It’s the hardest decision you’ll ever have to make…
We love our pets. They give to us so much unconditional affection, their presence, their heart and soul. In fact, I find that in many ways, the death of a pet is more deeply affecting for many clients than the death of a human family member (except children). They simply don’t live for long enough!
I often have to counsel people about when to help their old friend to the other side. And it’s never, ever easy. Let alone knowing when the time is right (I’ll get to that in a minute) – then people have to grapple with the guilt of deciding to kill their best friend – even though it’s nearly always crystal clear that this is both merciful and appropriate.
I never push anyone to make the decision – I’ll talk about their pet’s quality of life, and about how they feel about making this wrenching decision, how they feel about euthanasia, and about what actually happens when you decide that the inevitable is confronting you. If people ask me, I’ll nearly always gently invite them to consider what’s going on, to perhaps ask themselves what they’d suggest if this lovely old soul belonged to a friend, or to put themselves in the place of the animal, and consider what they would like to happen.

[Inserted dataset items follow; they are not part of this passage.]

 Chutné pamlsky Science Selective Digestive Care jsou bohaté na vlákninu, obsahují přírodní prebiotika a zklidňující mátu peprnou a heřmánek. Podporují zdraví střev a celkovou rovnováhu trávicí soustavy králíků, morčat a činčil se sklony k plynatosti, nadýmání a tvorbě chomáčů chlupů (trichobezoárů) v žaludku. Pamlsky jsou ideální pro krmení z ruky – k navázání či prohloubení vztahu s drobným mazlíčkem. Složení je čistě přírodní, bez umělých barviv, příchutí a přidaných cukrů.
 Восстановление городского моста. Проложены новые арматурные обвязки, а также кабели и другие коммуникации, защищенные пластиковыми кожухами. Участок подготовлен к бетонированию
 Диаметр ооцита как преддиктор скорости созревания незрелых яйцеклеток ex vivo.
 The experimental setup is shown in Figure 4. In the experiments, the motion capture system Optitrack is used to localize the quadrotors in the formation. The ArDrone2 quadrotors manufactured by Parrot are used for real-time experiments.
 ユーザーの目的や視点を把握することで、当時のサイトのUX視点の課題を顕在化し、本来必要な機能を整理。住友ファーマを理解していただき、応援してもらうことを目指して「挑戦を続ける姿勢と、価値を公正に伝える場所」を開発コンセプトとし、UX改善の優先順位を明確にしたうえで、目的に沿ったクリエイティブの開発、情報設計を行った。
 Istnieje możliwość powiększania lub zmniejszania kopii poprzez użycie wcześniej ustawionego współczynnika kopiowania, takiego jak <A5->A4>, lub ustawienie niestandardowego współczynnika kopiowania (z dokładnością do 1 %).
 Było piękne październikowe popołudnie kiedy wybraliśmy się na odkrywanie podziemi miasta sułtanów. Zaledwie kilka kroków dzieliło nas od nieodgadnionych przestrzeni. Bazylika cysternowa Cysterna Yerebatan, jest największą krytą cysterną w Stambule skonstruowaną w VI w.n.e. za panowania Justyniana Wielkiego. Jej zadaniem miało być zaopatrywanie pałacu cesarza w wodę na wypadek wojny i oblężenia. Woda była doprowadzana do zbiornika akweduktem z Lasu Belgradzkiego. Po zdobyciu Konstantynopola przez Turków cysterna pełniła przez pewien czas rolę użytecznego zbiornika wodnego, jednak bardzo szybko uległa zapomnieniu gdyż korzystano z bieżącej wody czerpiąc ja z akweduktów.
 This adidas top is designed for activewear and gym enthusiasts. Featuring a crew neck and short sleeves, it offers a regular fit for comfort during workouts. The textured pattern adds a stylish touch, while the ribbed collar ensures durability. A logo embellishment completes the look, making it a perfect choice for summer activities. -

Very rarely, I’ll arrive, take one look at the pet, and know I’m not going to leave without helping them along – but even then, I’ll gently explain how much pain their pet is experiencing (It’s always with pets in severe pain that I take this approach) – I’ll point out the tension in their pet’s face, and bring into the light how much they are actually suffering. I’ll make it clear that they need to be able to let go of their pet, and not hold on too long because they love them so much.
The trigger points can be
- When your pet stops eating and drinking
- When your pet is in untreatable severe pain
- When your pet can’t get up anymore
- When your pet becomes incontinent, or can’t defecate or urinate
- When your pet’s having more bad days than (relatively) good ones
- When your pet has an inoperable tumour that has ulcerated
- When your pet looks at you, and you simply know
It can be hard to know when it’s time – these old dears can go up and down – they can seem to be at death’s door on one day, and then perk up the next – which is confusing and difficult for the people. I’ve had quite a few clients who’ve gone through this, and then felt awful because they’ve made a judgement that they’ve left it too late. My answer to this is that you only know that it’s time when it’s inevitable, there simply is no other way. I’ve been through this with a few of my pets.
Remember that you will know, even if you don’t want to know. It’s perhaps better to take action a little sooner rather than leave it too late – because an emergency trip to the vet, after-hours, with an old pet in severe distress is an awful experience. And then you get to help your old friend pass on in dignity and peace, too.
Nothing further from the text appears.